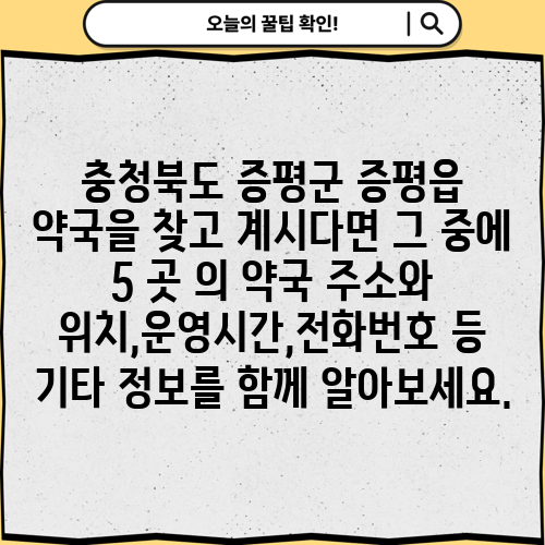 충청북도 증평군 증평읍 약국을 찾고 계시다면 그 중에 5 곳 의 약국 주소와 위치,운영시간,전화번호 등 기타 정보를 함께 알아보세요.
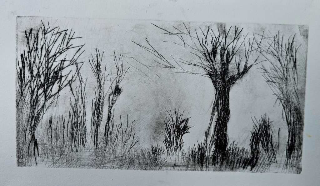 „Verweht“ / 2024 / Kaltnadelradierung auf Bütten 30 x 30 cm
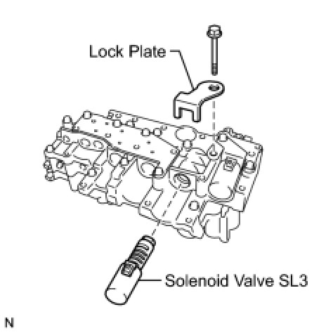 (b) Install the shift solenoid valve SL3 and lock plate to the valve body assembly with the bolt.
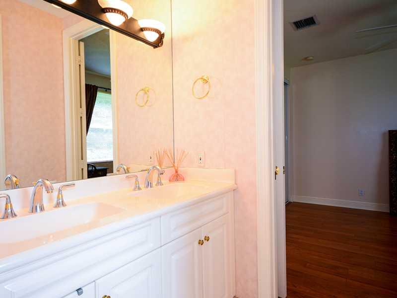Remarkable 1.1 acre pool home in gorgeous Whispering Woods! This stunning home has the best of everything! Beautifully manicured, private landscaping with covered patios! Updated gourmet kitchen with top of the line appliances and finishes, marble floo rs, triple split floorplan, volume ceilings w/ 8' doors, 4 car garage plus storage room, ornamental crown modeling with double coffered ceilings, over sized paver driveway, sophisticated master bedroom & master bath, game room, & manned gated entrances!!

▬▬▬▬▬▬▬▬▬▬

### [WHAT IS NEEDED]
The reply should repeat the listing above exactly and contain no pictures.

### [RESPONSE TO THIS TASK]
 충청북도 증평군 증평읍 약국을 찾고 계시다면 그 중에 5 곳 의 약국 주소와 위치,운영시간,전화번호 등 기타 정보를 함께 알아보세요.
 „Verweht“ / 2024 / Kaltnadelradierung auf Bütten 30 x 30 cm
 (b) Install the shift solenoid valve SL3 and lock plate to the valve body assembly with the bolt.
Remarkable 1.1 acre pool home in gorgeous Whispering Woods! This stunning home has the best of everything! Beautifully manicured, private landscaping with covered patios! Updated gourmet kitchen with top of the line appliances and finishes, marble floo rs, triple split floorplan, volume ceilings w/ 8' doors, 4 car garage plus storage room, ornamental crown modeling with double coffered ceilings, over sized paver driveway, sophisticated master bedroom & master bath, game room, & manned gated entrances!!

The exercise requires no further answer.